The four diggers of the burial party were by the table. One sat on a high-backed chair, one lay on his back on the floor, and two stood by a wrapped bundle, the length and width of a human, laying at one end of the long table.

“I sent for the rest of the council,” Mayor Efrim told them. “They should be here any moment.”

Lucy and Ulin spared only a glance for the corpse as they hurried to the wounded men. The man in the chair, an old Khur by his swarthy skin and black hair, held his hand clamped over his face. His teeth were clenched shut and sweat stood out on his skin. His other hand gripped the armrest of his chair with a strength that could have torn the chair to pieces if he’d tried. A long, bloody gash stretched from his wrist to his elbow and went through the muscle almost to the bone. Beside him stood Notwen.

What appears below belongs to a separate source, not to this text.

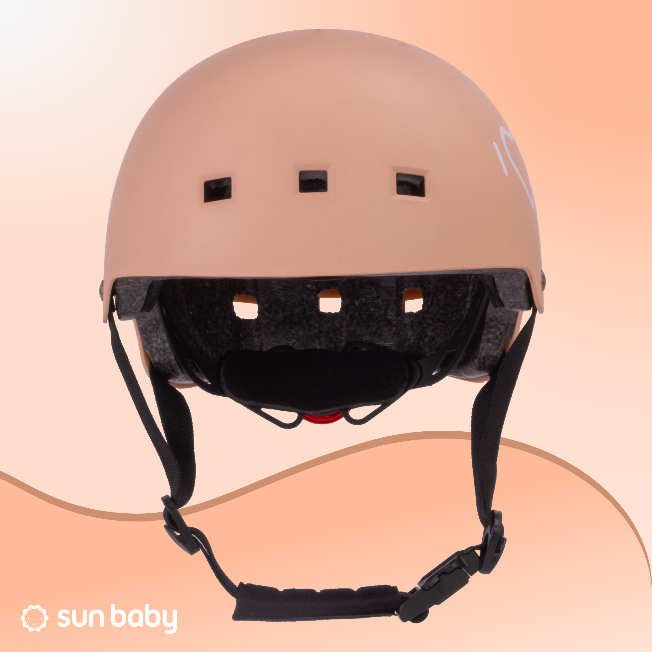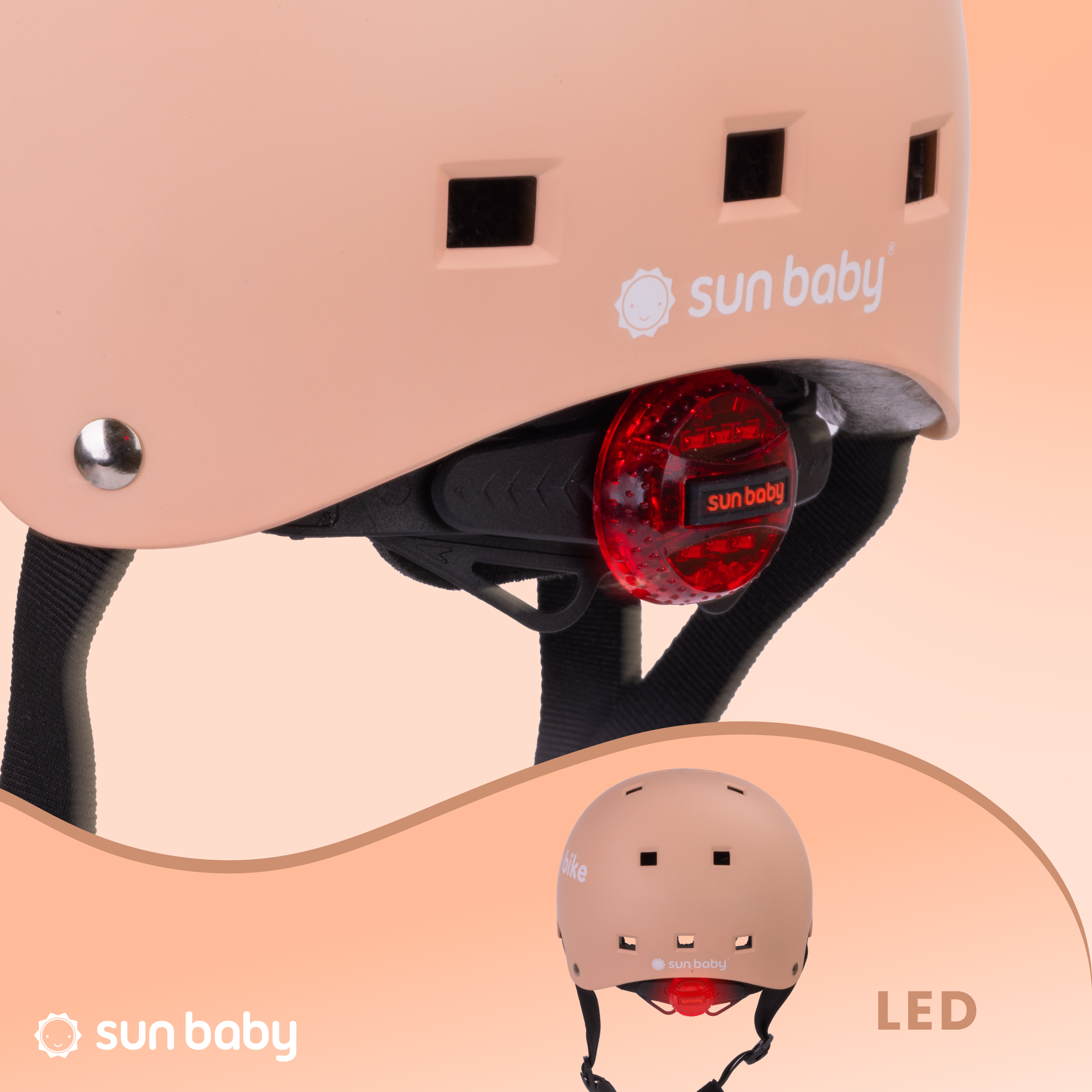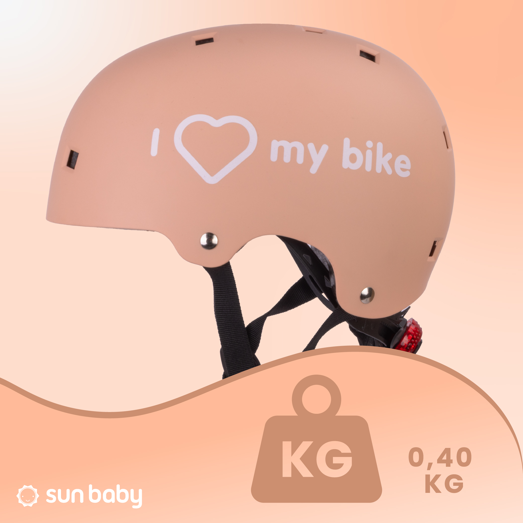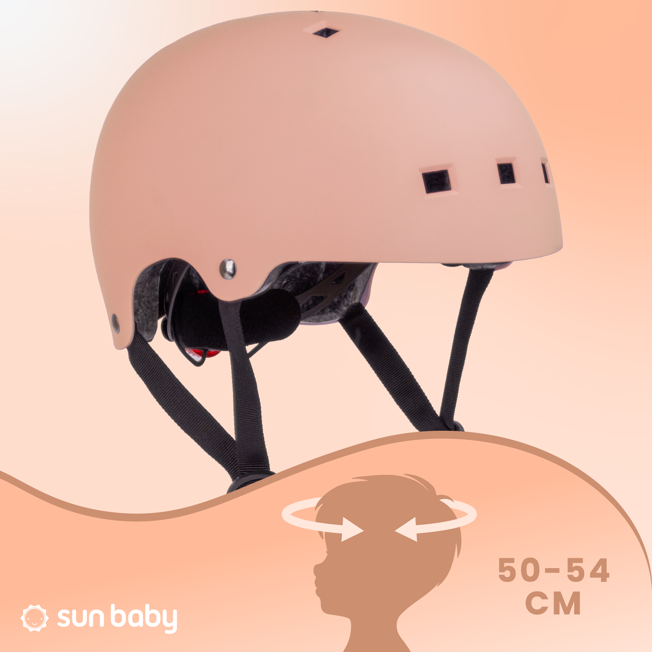 Kask rowerowy dla dzieci Ochronny Regulowany na hulajnogę deskorolkę S 50-54 cm lampka LED klips magnetyczny Morelowy
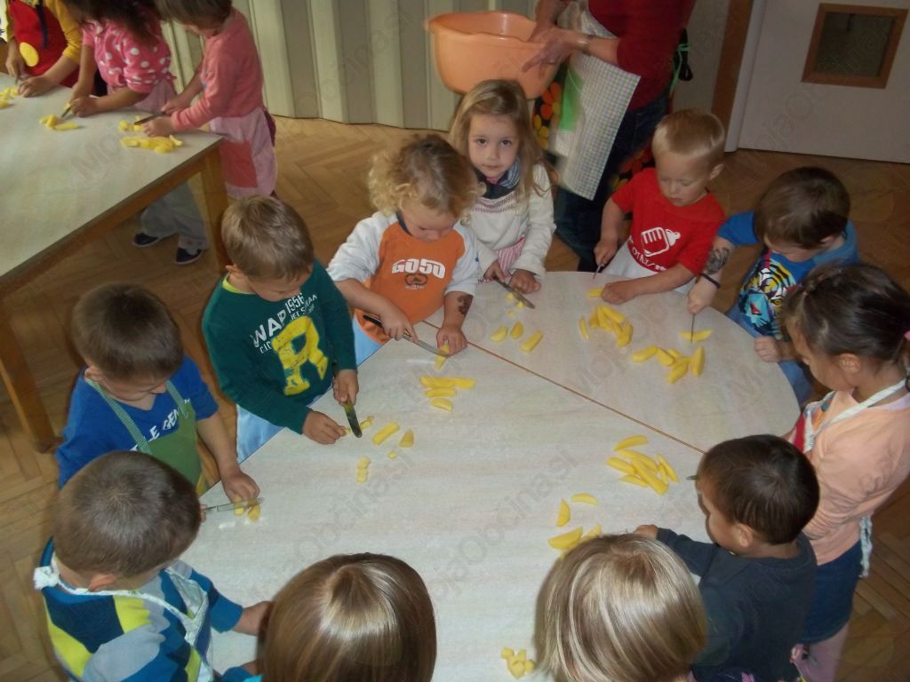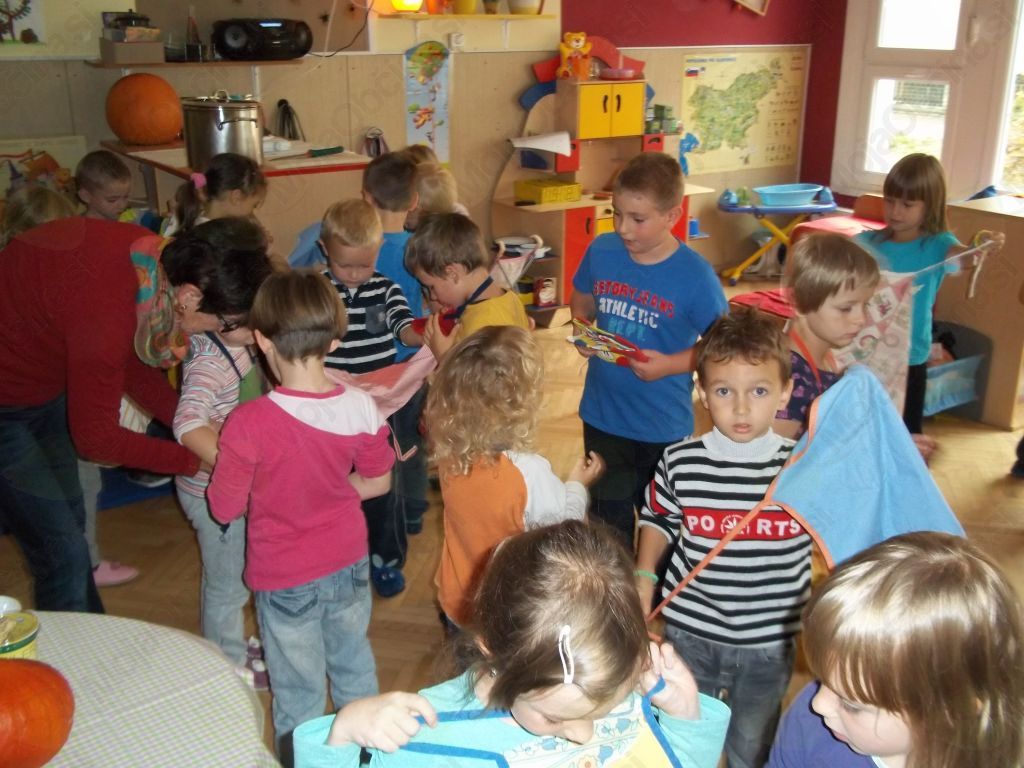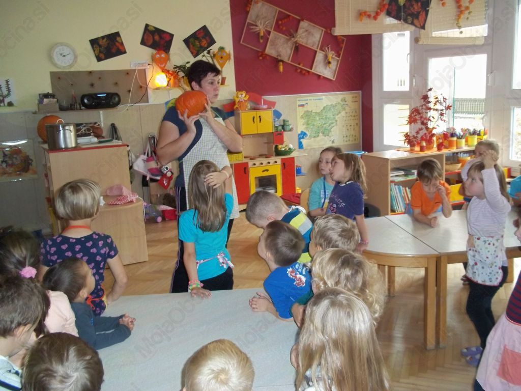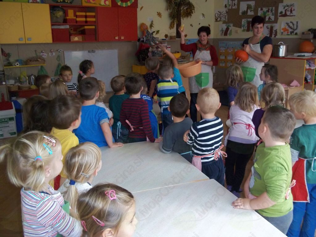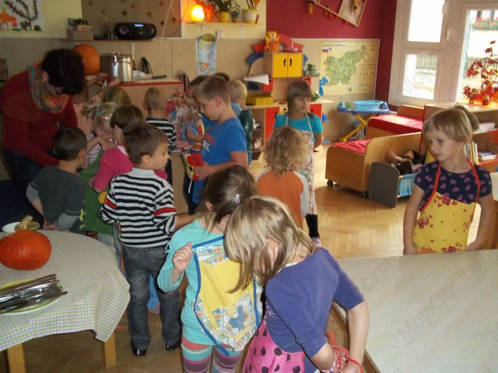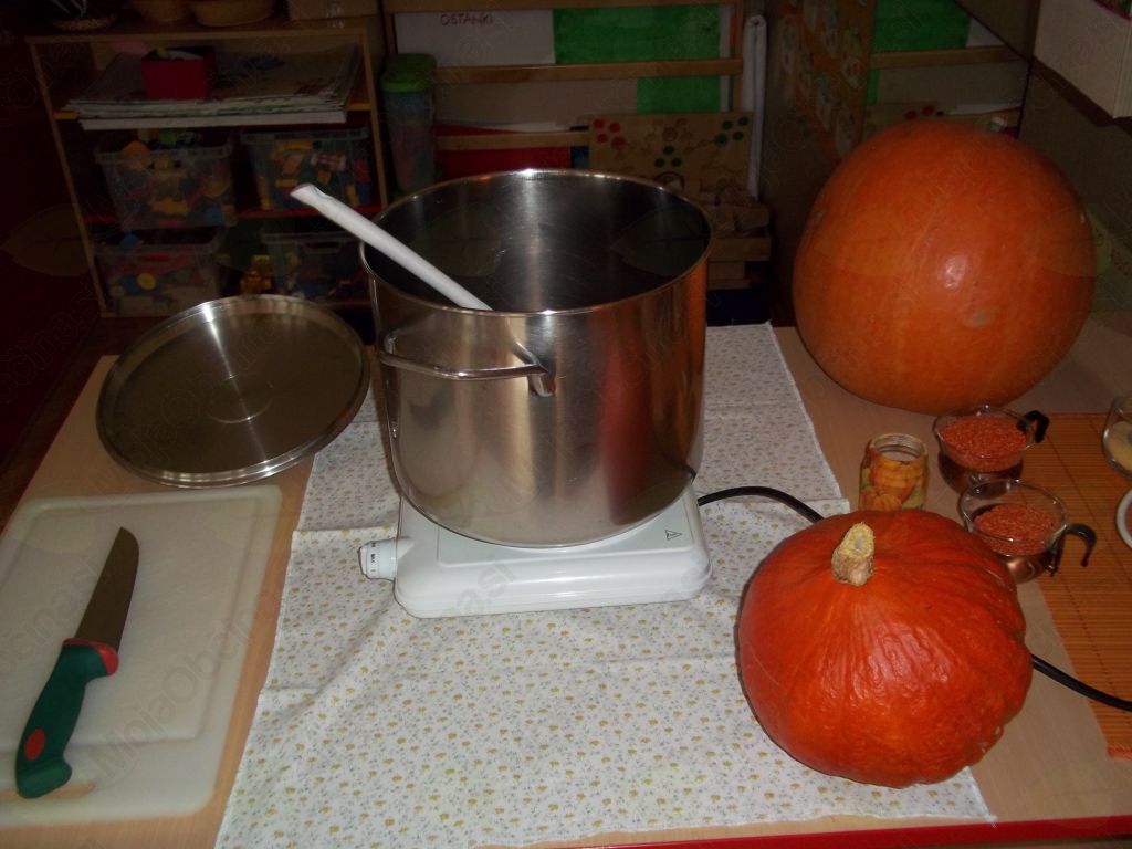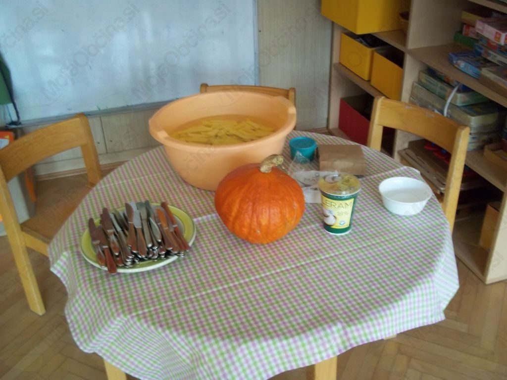 Ugotovili smo, da potrebujemo bučo, krompir, vodo, sol, malo masla, kuhalnico, nože, predpasnike, velik lonec in štedilnik.

Notwen held a steel needle and a long trailing length of thread in one hand, and with the other ran his finger along a line of text in a huge tome that lay open on the table beside him. He read a few lines, nodded, and stabbed the needle into the man’s arm. Despite the man’s clenched teeth, a whimper of pain escaped him.

Ulin stared at the gnome, aghast. He had been forced to learn rudimentary healing techniques on his journeys, but he had never seen anyone try to stitch a gash with three feet of thread and no notion about what they were doing. He jumped forward and snatched the gnome’s hand from the needle. “What in the name of Mishakal do you think you’re doing?” he shouted.

The Khur started like a wild horse. His eyes flew open and he stared pleadingly at the mayor.

Notwen gazed up at Ulin through a pair of large spectacles perched on his wide nose. His blue eyes were intent and filled with concern. “Oh, are you a healer? Could you help? I am trying to learn the basic skills of first aid, and no one around here is willing to show me. I have this book I found in my library, but it’s so much easier to learn through hands-on experience, don’t you think?”

“Unless you happen to be the patient,” Ulin pointed out.

The Khur nodded his agreement.

The gnome stroked his beard. “True. I guess it’s fortunate that one was passed out.”

Ulin and Lucy took a close look at the unconscious man on the floor. His pant’s leg had been cut away to expose a laceration on his upper thigh, probably caused by a slash from a sword. The wound hadn’t been bandaged yet, and in its present condition, Ulin doubted it could be. The gnome had stitched it closed, and while his unpracticed stitches were close enough together, he had tied them off in a tangled weave of knots and ornate bows the likes of which Ulin had never seen.